ChaLearn Challenges You To Teach A Kinect Instant Gesture Recognition

There’s seemingly no end to the clever things that people can do with a little know-how and a Kinect camera, and now it seems like the machine learning enthusiasts at ChaLearn want to use the Xbox accessory to change the way computers deal with gesture controls.

In short, they’re challenging the world’s data tinkerers to develop a learning system that allows a Kinect to recognize physical gestures in one shot.

Why one shot? The way ChaLearn looks at it, if gesture-based control is ever going to become a staple of how we interact with our technology, there can’t be an overly-complex process to define those gestures. What ChaLearn wants teams to accomplish is a way for a gesture to be defined and subsequently recognized after it’s been performed only once. After all, if a human can do it, why shouldn’t a machine be able to?

The competition is being run using Kaggle, the data modelling competition platform that just wrapped up an $11 million funding round not long ago. The gesture-learning challenge is one of nearly 30 that Kaggle hosts, which run the gamut from asking users to determine if a car bought at an auction is a lemon to predicting which patients will be admitted to a hospital by parsing claims data.
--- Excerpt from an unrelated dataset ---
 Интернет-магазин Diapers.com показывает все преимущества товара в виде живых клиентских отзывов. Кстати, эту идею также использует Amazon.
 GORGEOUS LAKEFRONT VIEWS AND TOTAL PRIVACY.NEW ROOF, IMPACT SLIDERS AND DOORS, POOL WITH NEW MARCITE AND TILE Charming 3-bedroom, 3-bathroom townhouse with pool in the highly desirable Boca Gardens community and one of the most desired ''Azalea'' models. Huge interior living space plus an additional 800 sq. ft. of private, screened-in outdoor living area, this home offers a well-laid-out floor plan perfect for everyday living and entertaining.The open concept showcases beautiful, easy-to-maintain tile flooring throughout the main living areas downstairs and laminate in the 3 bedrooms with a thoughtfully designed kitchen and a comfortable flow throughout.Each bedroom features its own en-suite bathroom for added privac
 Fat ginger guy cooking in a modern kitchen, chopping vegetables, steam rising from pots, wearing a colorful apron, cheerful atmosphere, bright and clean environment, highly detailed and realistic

As you can imagine, only the hardiest of data crunchers need apply. Competitors are given a Kinect’s RGB video and spatial depth data of a subject performing a series of gestures, and are tasked with finding a way to predict the identity of those gestures as defined in a separate “truth file.”

Here’s a brief snippet from the challenge’s description that should give you an idea of the sort of work involved:

For each video, you provide an ordered list of labels R corresponding to the recognized gestures. We compare this list to the corresponding list of labels T in the prescribed list of gestures that the user had to play. These are the “true” gesture labels (provided that the users did not make mistakes). We compute the so-called Levenshtein distance L(R, T), that is the minimum number of edit operations (substitution, insertion, or deletion) that one has to perform to go from R to T (or vice versa). The Levenhstein distance is also know as “edit distance”.
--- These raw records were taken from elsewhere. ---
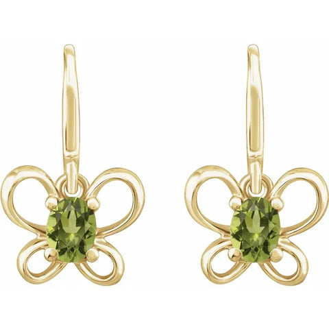 14K Yellow Gold Oval August Youth Butterfly Birthstone Earrings
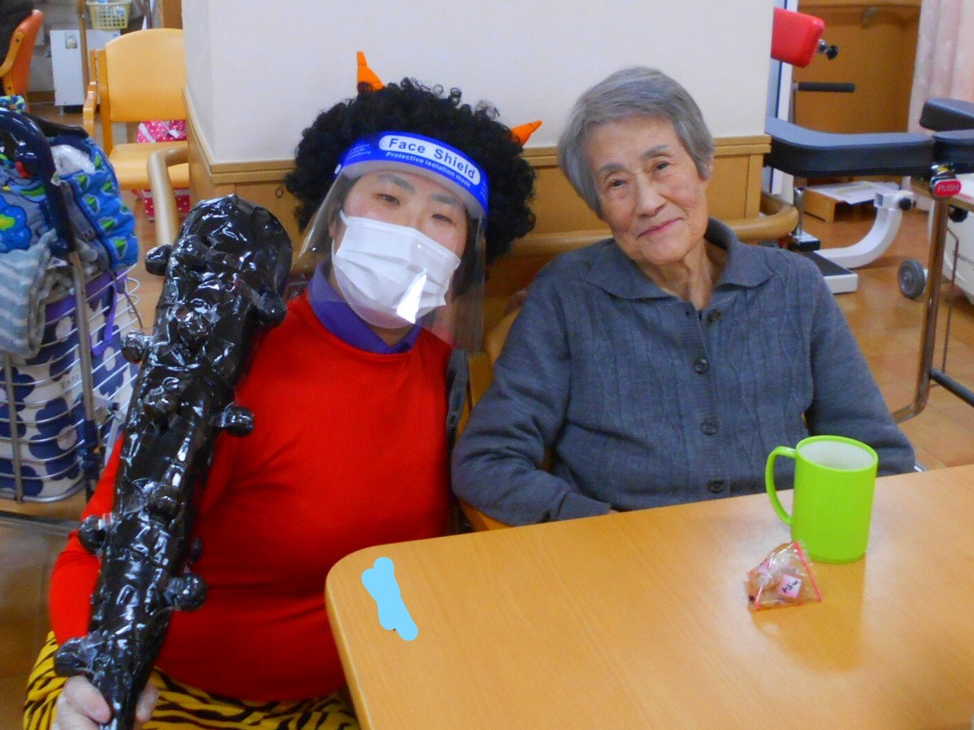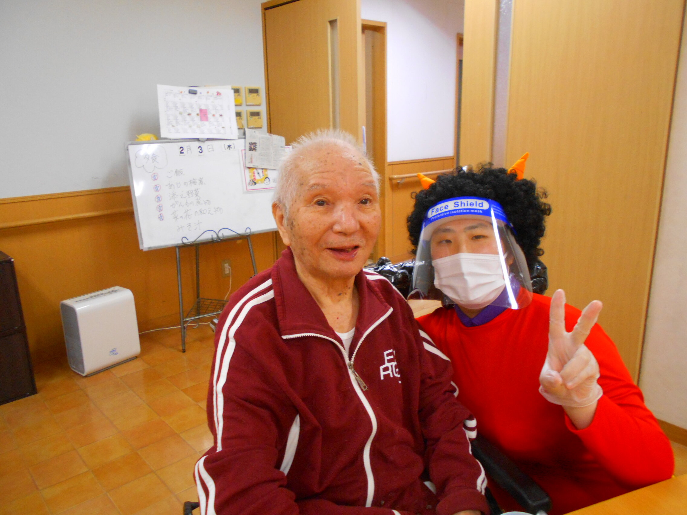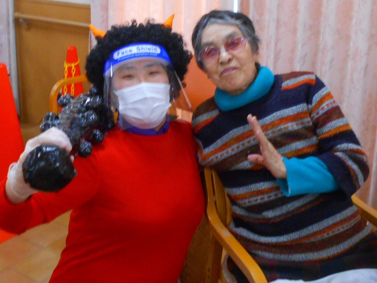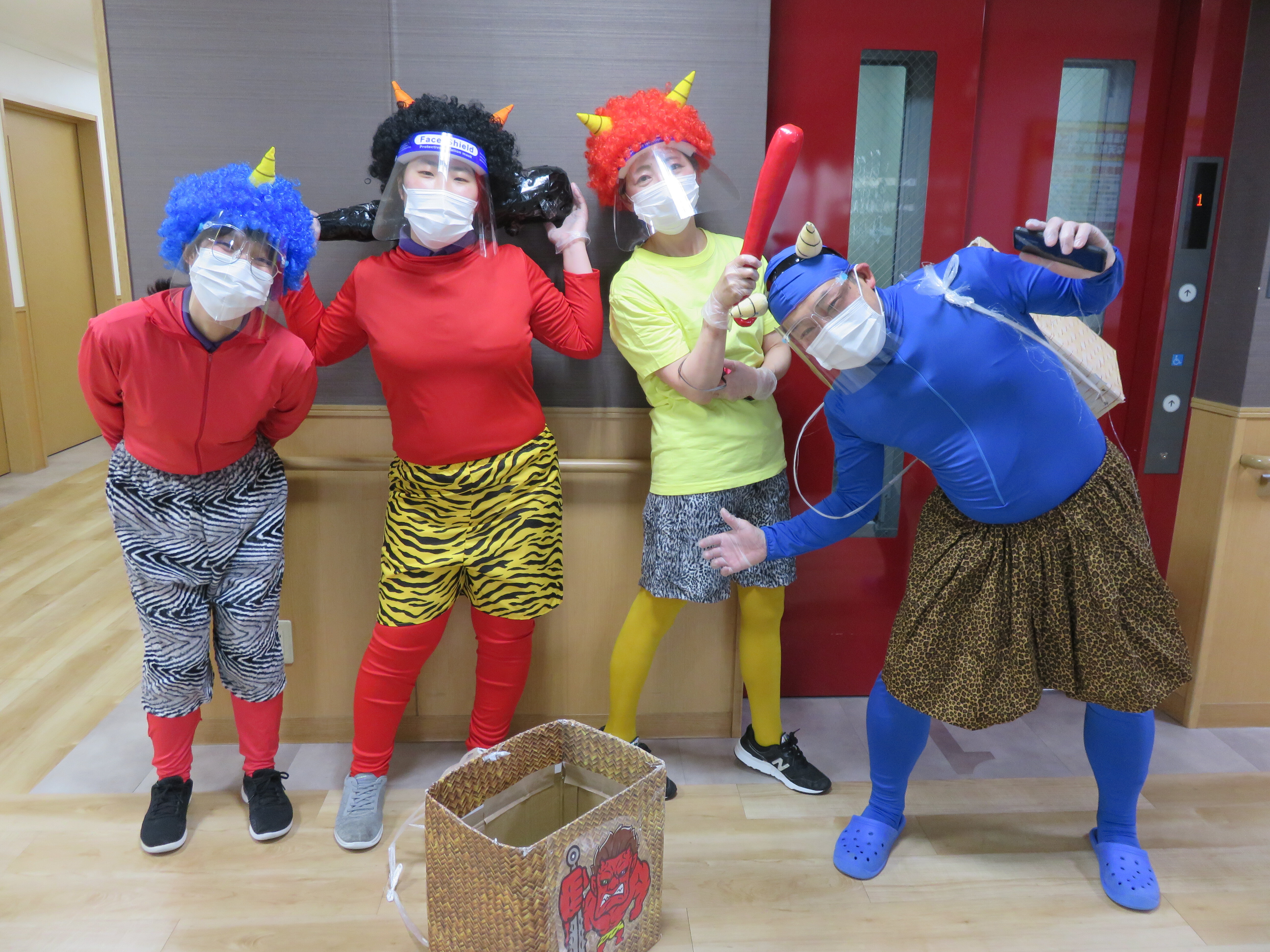 今年の鬼は感染対策のためフェイスシールドをつけています!!
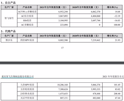 年报也显示,智飞生物作为默沙东HPV疫苗在中国大陆地区的独家代理,在2021年的九价和四价HPV疫苗全年批签发量分别为1020.62万支和880.25万支,同比增长幅度达到101.45%和21.93%。

It’s going to be a lot of work even if you’ve boned up on your Levenhstein distances, but the winning teams will be handsomely rewarded. Thanks to the prominent use of Kinects in the challenge, Microsoft has thrown the competition their support in the form of $10,000 to be split among the top three teams. What’s more, if Microsoft is fond of your solution, they have the option of licensing your work in exchange for a payout as large as $100,000.

The solution development period starts now and runs though April 6, 2012, and the last chance to upload your learning solution comes 4 days after that. Better get cracking if you want to take home that prize (oh, and potentially change the course of human-computer interaction).